Мара фыркнула и вернулась к готовке. Я наблюдала за тем, как Бен накладывает тонкие, как паутина, полоски отражающей пленки на стекло и разглаживает их медицинским шпателем.

Брайан шумно потребовал добавки и заерзал на стуле.

— Черт!.. — выругался Бен, когда одна из полосок пошла складками. Он отскреб бракованную полоску, использовав опасную бритву… Мне стало интересно, откуда такие берутся: в голове не укладывалось, что кто-то до сих пор ими бреется.

Я повернулась к Маре и Брайану, который извазюкался, просыпав на себя большую часть завтрака. Он играл в самолетики: как можно выше поднимал ложку над головой и только потом отправлял груз из вафель и яблочного соуса в рот. Я подумала, как нам повезло, что у него пока короткие ручки.

Наблюдая разыгравшийся спектакль, я спросила:

— Правда, что у детей особые отношения с Мглой?

Дэнзигеры ответили не сразу. В глазах Бена мелькнуло любопытство, Мара же выглядела удивленной.

— Ну, конечно, — сказала Мара и посмотрела на Бена.

Тот кивнул, вновь погрузившись в работу.

— Определенно. Дети воспринимают мир иначе. Известно, что детский мозг до определенного возраста отличается от мозга взрослого, организм не вырабатывает некоторых гормонов, задействованы другие физические и умственные процессы.

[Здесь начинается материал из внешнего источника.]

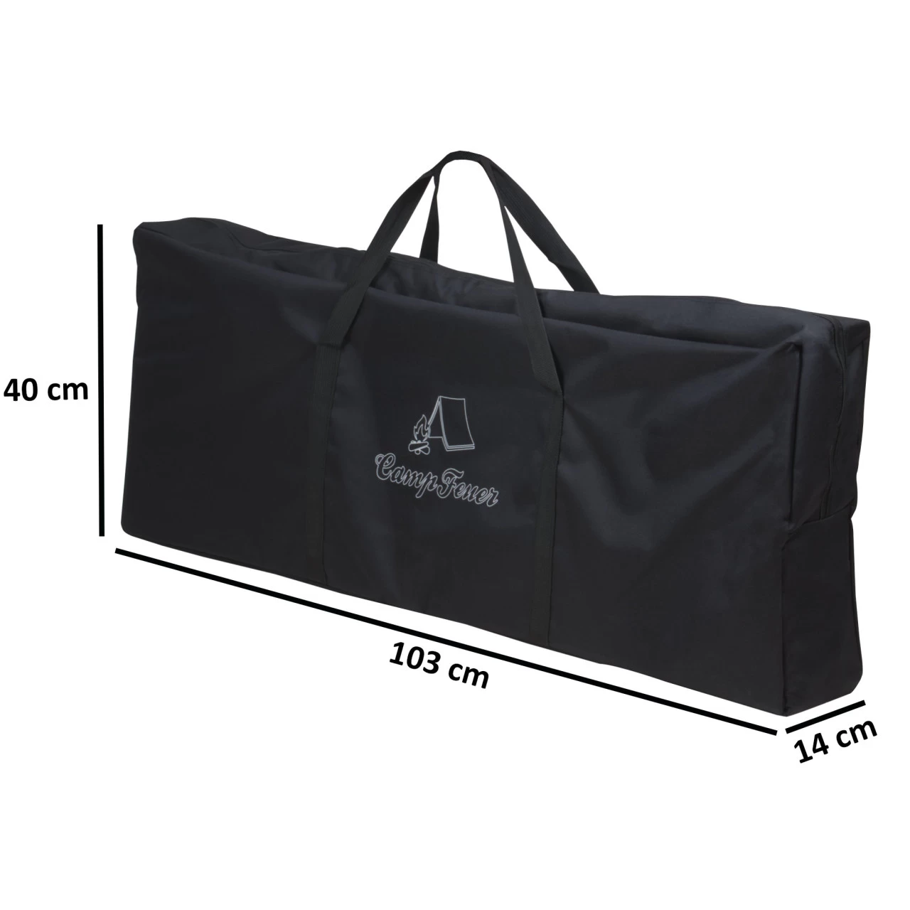 Der Lieferumfang beinhaltet zusätzlich eine Tragetasche, die nicht nur den komfortablen Transport zum nächsten Campingort ermöglicht, sondern auch eine geschützte Aufbewahrung gewährleistet.

— Младенцы до пяти месяцев не обладают пространственным зрением, и кто знает, что они видят, пока глаза учатся воспринимать образы? — добавила Мара, пытаясь вытереть лицо своему отпрыску. — Не вертись! Ты мальчик или червячок?

— Чир-рвяк!

Она вздернула брови.

— Червяк, говоришь? Посадить тебя в грязь? Может, пожуешь землицы вместо завтрака? У нас есть вкусненькая рыбная требуха… М-м, вкусняшка. А рыбу скушаем мы с папой.

— Не-е! — Глаза Брайана округлились от ужаса.

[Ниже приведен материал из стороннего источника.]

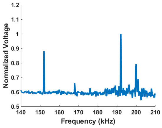 Here, we have used the LIA to perform a frequency sweep which is used to determine the resonance of the frequency. As the electrodes D1 and D2 are used to drive and S1 and S2 are used to sense, the n = 2 mode should have a large displacement. The frequency sweep is performed from 120 kHz to 220 kHz to determine the device’s resonance frequencies (Figure 14). Using the average of the initial values as a reference, the response has been shown as a frequency against the normalized voltage. The drive mode of n = 2 was presented at 192 kHz and in the rocking mode at 152 kHz.

— Не хочешь?.. Ну так и быть. Сиди смирно и не вертись, а я попробую найти твое лицо под слоем еды… — Брайан зажмурился и поджал губы, подставляя матери заляпанную мордашку. Та воспользовалась минутным затишьем, чтобы продолжить рассказ: — Да, судя по всему, дети гораздо лучше видят Мглу, чем взрослые.

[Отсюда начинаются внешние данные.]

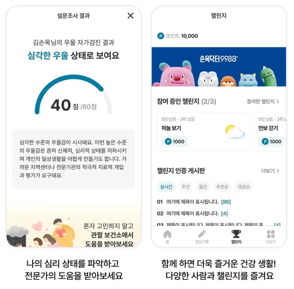 단순히 걷기만 장려하는 앱이 아닙니다. 손목닥터 9988+는 대사증후군 위험군에 속한 시민들을 위해 맞춤 건강관리를 지원합니다. 건강검진 결과를 앱과 연동해 개인 맞춤 식단, 운동 플랜을 제공하고, 혈압, 혈당 등 주요 지표를 지속적으로 추적할 수 있어 자기 건강을 체계적으로 관리할 수 있습니다. 또한, 우울증과 스트레스 자가진단 기능도 포함되어 있어 정신 건강까지 세심하게 돌볼 수 있습니다.
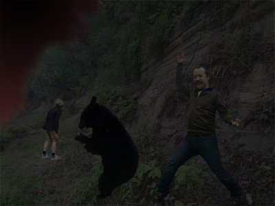 親戚の愉快なおじさんといっしょです。なんでこうなったのかは私にも不明です。偶然ですが、こんなところでくまを見ることができました。チョー感激です。

— В теории, — подхватил Бен, — восприятие Мглы контролируют определенные фильтры в мозгу. Часть фильтров дана нам при рождении, а часть включается по мере приобщения к социуму. Большинство людей видели бы гораздо больше, если бы не культурные условности. Мы фокусируем внимание на определенных вещах, поскольку в современном обществе существует слишком много раздражителей и мозг пытается как-то с ними справиться. Мы довольно быстро перестаем видеть некоторые вещи, только потому что не должны их видеть по мнению других. Лишь полные упрямцы или люди, чей фильтр функционирует неправильно, упорно продолжают видеть то, чего не существует для остального мира. Так вот, согласно моей теории, есть некая неисследованная часть мозга, которая отвечает за так называемую глубину фильтра Мглы и его наличие. Понимаешь, это объяснило бы, почему некоторые, вроде меня, не могут видеть Мглу, хотя я годами пытаюсь отключить фильтры. Большинство людей буквально слепы в этом смысле, как дальтоники слепы в отношении цветов.

Почистив сына, Мара протянула ему кусок вафли.

— Теорий столько, сколько звезд на небе, — предупредила она. — Некоторые считают, что, соприкоснувшись с Мглой в раннем детстве, человек сохраняет способность ее воспринимать. Другие полагают, что это наследственное или что этому можно научить. Или что-то заразное, как корь или гонорея, или передается с пищей и водой, как фтор. Можно оспорить любую их этих теорий или все вместе. Но дети действительно обладают редкой восприимчивостью, которой нету взрослых. А почему ты спрашиваешь?

Я отхлебнула кофе.

— Я так и не научилась перемещаться во Мгле, чтобы проследить нить. Я хотела разобраться, что за «слои времени», — объяснила я. — Пыталась выяснить у Карлоса…

Мара ошарашенно уставилась на меня и на миг отвлеклась от Брайана.

— У Карлоса? Зачем ты к нему ездила?

— Потому что он обладает ретровосприятием, заглядывает в прошлое. Я подумала, может, он видит во Мгле, как я, и знает больше о времени.

— И что, знает? — спросила она.

— Немного, хотя он ясно дал понять, что наше с ним восприятие Мглы различается. У меня от его слов мурашки по коже…

— Сильнее, чем обычно?

Я вспомнила голодный взгляд Карлоса и содрогнулась.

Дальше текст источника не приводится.